4. Children are very close to God. One sweet family I met as a missionary had a 3-year-old son. My missionary companion and I would have short lessons with the family, who were members of the congregation I was serving in at the time. One day, my bag tipped over, spilling the contents onto the family’s living room floor. The 3-year-old boy grabbed a small picture of Jesus Christ that had fallen near him. He picked it up, looked at it, showed it to his mother and said, “Jesus.” The boy’s mother looked at him, baffled. “I’ve never taught him that. How does he know that?” Now I’m sure the boy had learned that either at home along the way or at church, but it was an experience that struck me. These sweet children in our homes are so close to God. They are pure and innocent and I’m grateful for their examples of unconditional love and acceptance.

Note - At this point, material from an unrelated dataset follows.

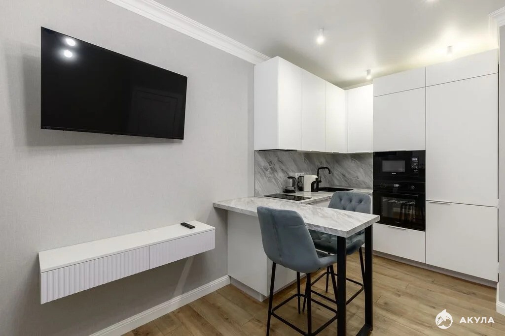 Жилой комплекс "Гелиос". Квартира оснащена мебелью и необходимой техникой. Встроенный кухонный гарнитур, бытовая техника (холодильник, микроволновая печь, чайник)

5. Use the edges of time. As missionaries, we believed we were consecrating all our time for those 18 months or two years in service to God. Our mission leaders often encouraged us to use the “edges of time.” That meant using every possible opportunity to share the good news of Jesus Christ, engage in service and help those around us. This advice has been good for me as a new mother. Time is precious, and because I want to devote as much time as I can do where it matters most — my husband and my daughter — I find that when I use my time wisely, life seems more manageable. It’s about using those little pockets of “extra” time. For example, as a breastfeeding mom who pumps, I use that time pumping to either take a breather for myself while my daughter sleeps, or do something productive like planning our menu for the coming week. When my daughter goes down for the night, it’s my time to get my kitchen cleaned, indulge in my favorite late night snack — Fruit Loops — or watch an episode or two of my latest guilty pleasure, “Pretty Little Liars.” During nightly feedings I’ll switch my laundry after Bellamy goes back to sleep so it’s ready to be folded and put away the next morning. Being conscientious about my time has helped me feel like I’ve maintained some balance as I’ve entered mommyville.
6. Be unified with your companion. One of the rules for LDS missionaries is to be within sight and sound of their companion at all times. Needless to say, you learn to get along. And you learn that if you want to get productive work done, you must be unified. A marriage is the same way, especially when children are involved. Though my husband and I have different approaches to some aspects of parenthood (I’m infinitely more worry-prone) we still act as a team. If something is important to me, Eric is willing to accommodate, and vice versa. As we work together (no matter how imperfectly) we are united in our efforts to raise our daughter righteously.